Dikatakan Siti, sanksi serupa bisa saja diberikan kepada 30 perusahaan tersebut. Namun, saat ini, pemerintah masih mempersiapkan prosedur administrasinya sebelum mengumumkan sanksi terhadap 30 perusahaan itu.

“Dia (perusahaan) harus diberita acara lalu orangnya harus diajak ngomong, kita tanda tangan, dia tanda tangan. Itu prosedurnya seperti itu. Jadi jalan terus kita lakukan,” kata Siti.

Siti menargetkan dalam waktu satu pekan, seluruh proses selesai sehingga seluruh perusahaan yang mendapat sanksi itu bisa langsung diumumkan. “Minggu ini sih mudah-mudahan selesai. Saya lagi minta, Presiden mintanya cepat,” ujar dia.

Lebih lanjut, Menteri LHK menjelaskan, jumlah perusahaan yang saat ini sedang diteliti pemerintah bertambah dari yang sebelumnya 420 perusahaan menjadi 1.200 perusahaan. Kementerian Lingkungan Hidup berkoordinasi dengan Kementerian Agraria dan Tata Ruang (ATR) yang juga berwenang menerbitkan Hak Guna Usaha (HGU) untuk perusahaan-perusahaan perkebunan di areal terbakar.
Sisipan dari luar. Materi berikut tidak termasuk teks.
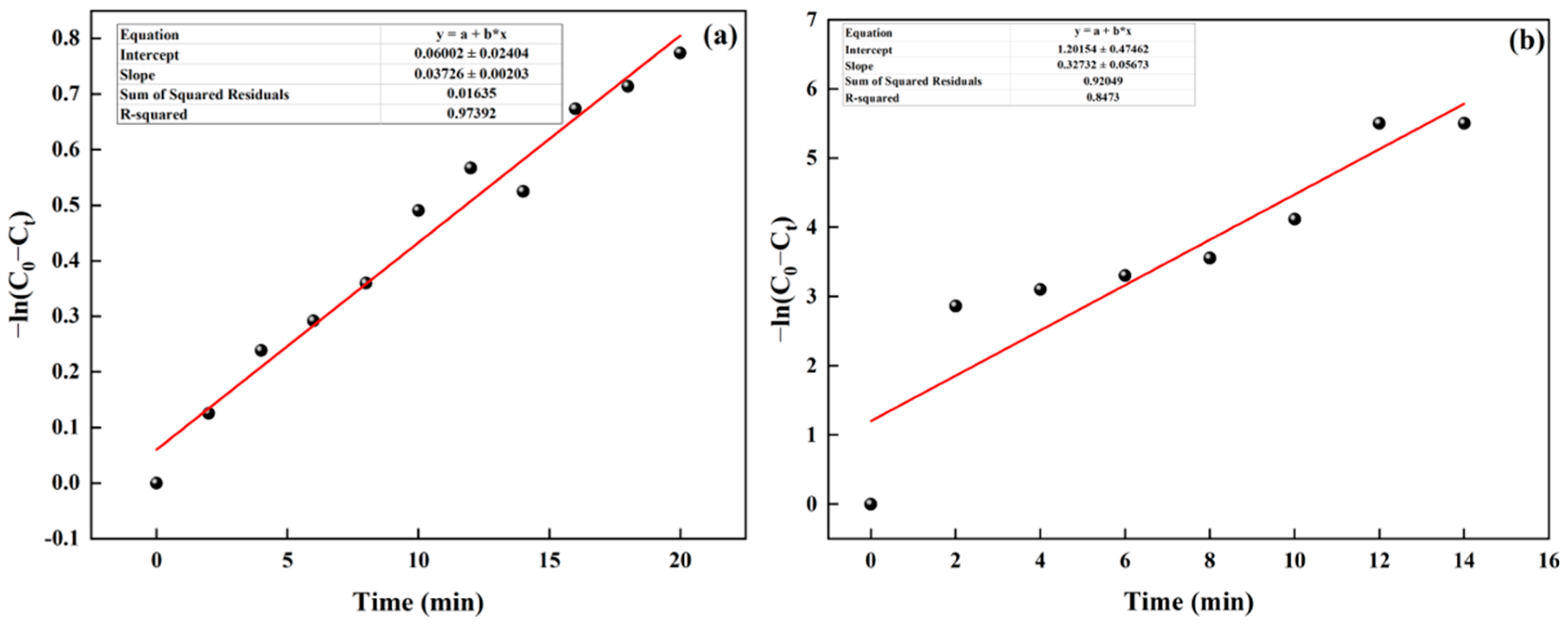3.3.1. Ozone Catalytic Decomposition Kinetics

Pemerintah menyiapkan 3 jenis sanksi terhadap perusahaan-perusahaan yang terlibat dalam aksi pembakaran. Untuk sanksi ringan, perusahaan atau individu yang tidak bertujuan membakar, akan mendapat peringatan tertulis dan harus melakukan rehabilitasi kerusakan, restorasi, serta menyatakan permintaan maaf di media pada publik dan berjanji tidak mengulanginya.

Pada tingkat sedang, KLHK akan membekukan izin perusahaan, mengenakan denda, mewajibkan perusahaan melakukan rehabilitasi, dan menyatakan permintaan maaf pada publik lewat media.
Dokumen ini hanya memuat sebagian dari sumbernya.